EXERCISE = Take the data below and write it out exactly, except for the pictures.

DATASET SECTION =
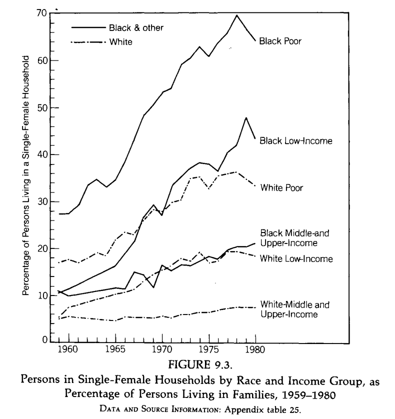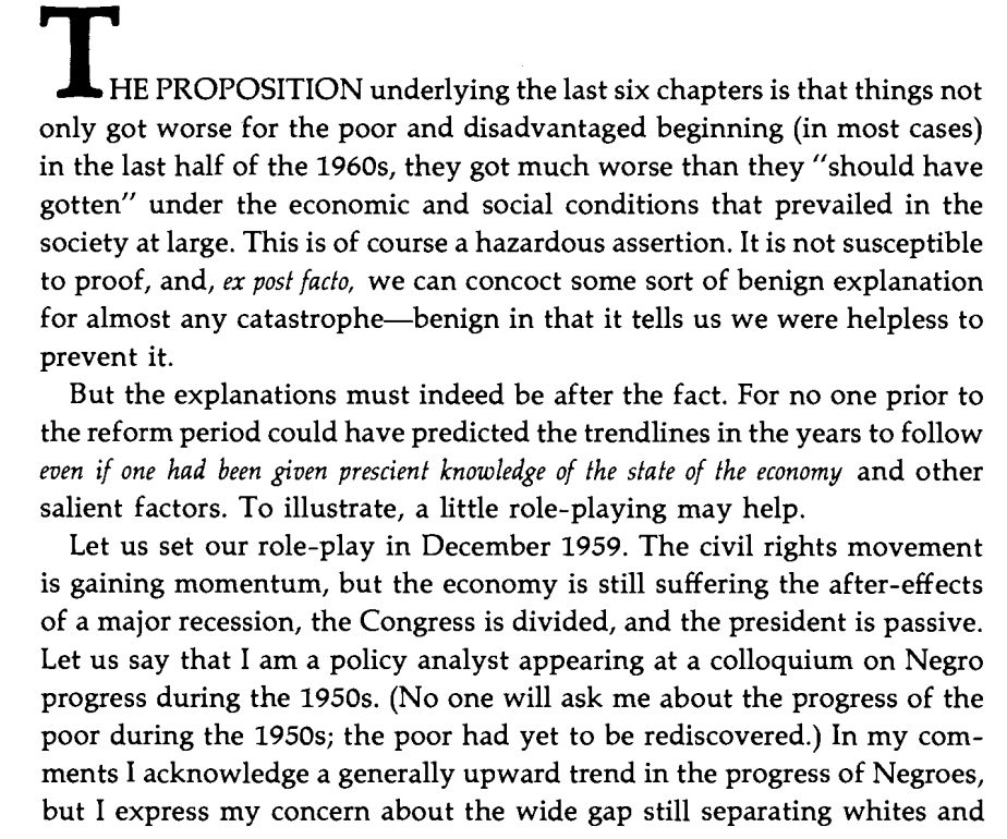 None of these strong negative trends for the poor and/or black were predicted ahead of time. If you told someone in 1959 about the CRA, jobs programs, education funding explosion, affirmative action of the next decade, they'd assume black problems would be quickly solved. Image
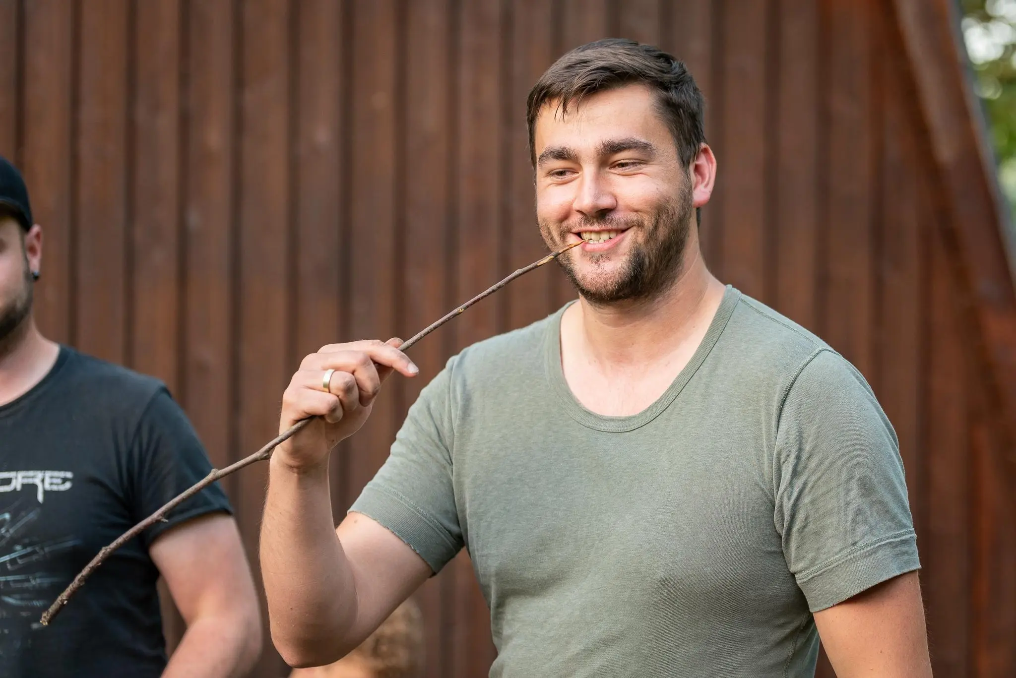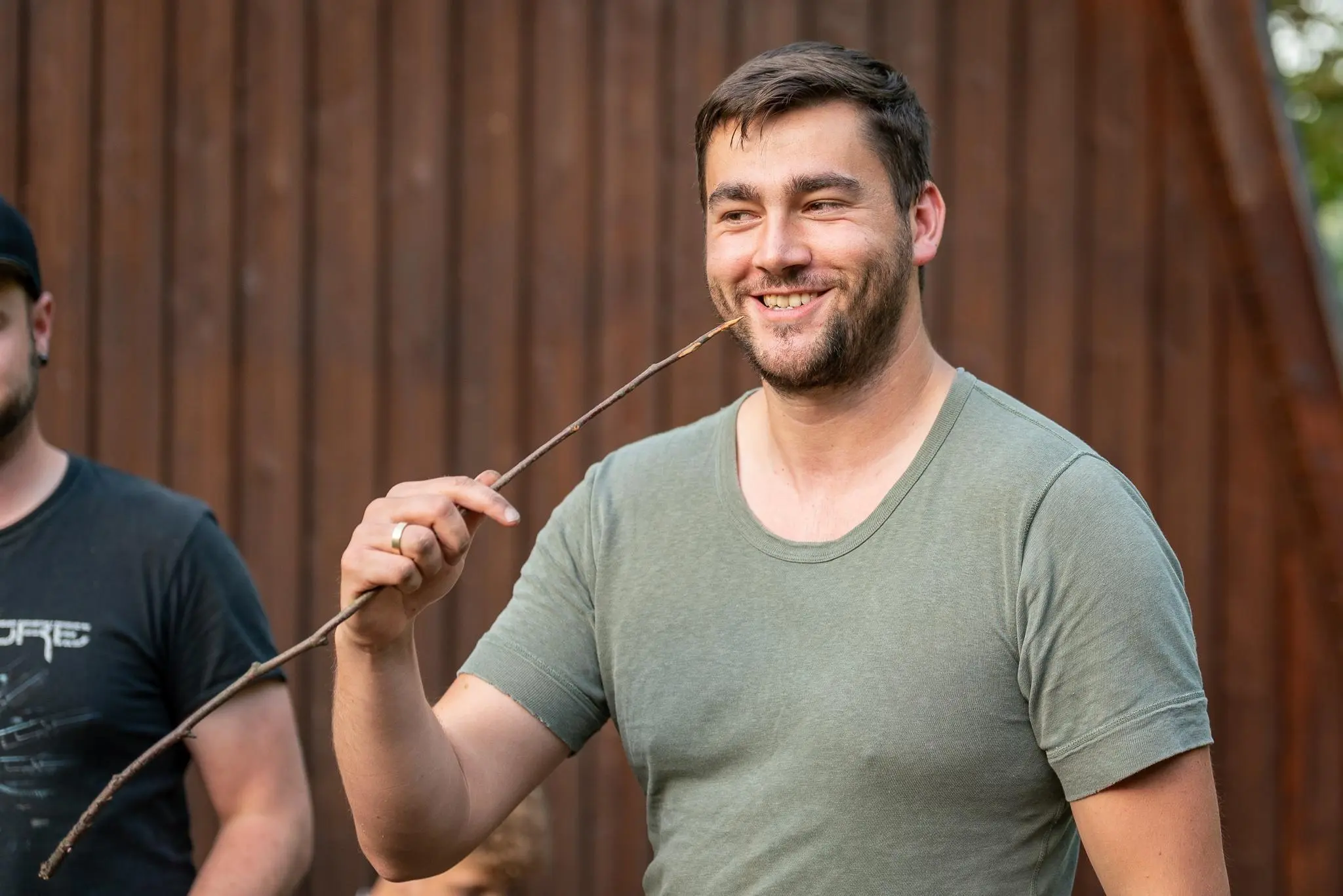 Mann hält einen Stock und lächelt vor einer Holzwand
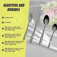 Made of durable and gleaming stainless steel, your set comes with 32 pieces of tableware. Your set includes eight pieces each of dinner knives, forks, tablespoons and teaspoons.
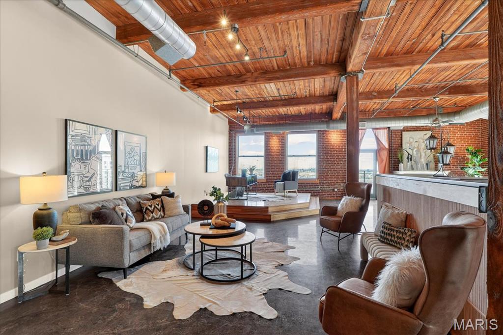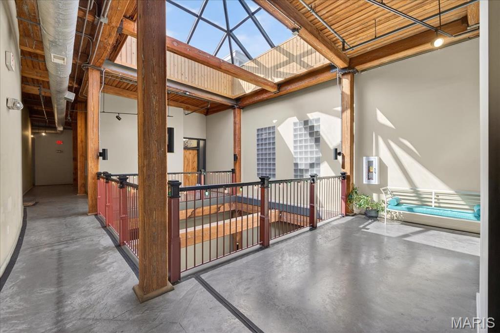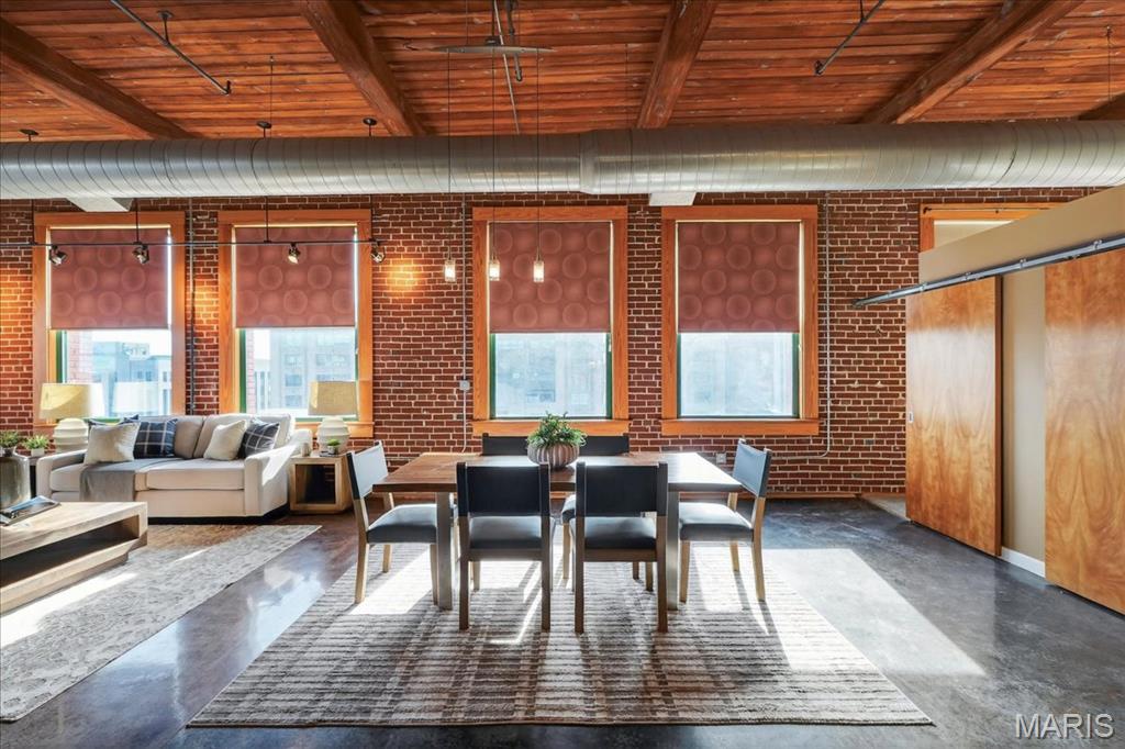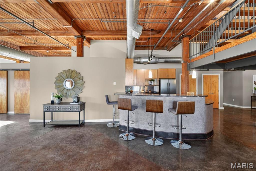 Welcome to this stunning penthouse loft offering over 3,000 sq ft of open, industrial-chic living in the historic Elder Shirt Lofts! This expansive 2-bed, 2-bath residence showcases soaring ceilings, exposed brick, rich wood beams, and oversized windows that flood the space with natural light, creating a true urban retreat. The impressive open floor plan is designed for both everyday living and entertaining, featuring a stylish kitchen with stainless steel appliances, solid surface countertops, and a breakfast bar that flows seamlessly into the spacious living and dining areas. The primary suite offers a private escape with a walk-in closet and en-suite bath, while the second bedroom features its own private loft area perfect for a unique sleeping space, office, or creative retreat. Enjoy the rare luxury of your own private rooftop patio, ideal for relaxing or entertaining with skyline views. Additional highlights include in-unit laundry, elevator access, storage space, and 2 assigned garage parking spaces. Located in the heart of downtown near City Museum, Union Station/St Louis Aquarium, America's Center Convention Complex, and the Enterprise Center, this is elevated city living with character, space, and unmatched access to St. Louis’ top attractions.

PROBLEM SOLUTION =
 None of these strong negative trends for the poor and/or black were predicted ahead of time. If you told someone in 1959 about the CRA, jobs programs, education funding explosion, affirmative action of the next decade, they'd assume black problems would be quickly solved. Image
 Mann hält einen Stock und lächelt vor einer Holzwand
 Made of durable and gleaming stainless steel, your set comes with 32 pieces of tableware. Your set includes eight pieces each of dinner knives, forks, tablespoons and teaspoons.
 Welcome to this stunning penthouse loft offering over 3,000 sq ft of open, industrial-chic living in the historic Elder Shirt Lofts! This expansive 2-bed, 2-bath residence showcases soaring ceilings, exposed brick, rich wood beams, and oversized windows that flood the space with natural light, creating a true urban retreat. The impressive open floor plan is designed for both everyday living and entertaining, featuring a stylish kitchen with stainless steel appliances, solid surface countertops, and a breakfast bar that flows seamlessly into the spacious living and dining areas. The primary suite offers a private escape with a walk-in closet and en-suite bath, while the second bedroom features its own private loft area perfect for a unique sleeping space, office, or creative retreat. Enjoy the rare luxury of your own private rooftop patio, ideal for relaxing or entertaining with skyline views. Additional highlights include in-unit laundry, elevator access, storage space, and 2 assigned garage parking spaces. Located in the heart of downtown near City Museum, Union Station/St Louis Aquarium, America's Center Convention Complex, and the Enterprise Center, this is elevated city living with character, space, and unmatched access to St. Louis’ top attractions.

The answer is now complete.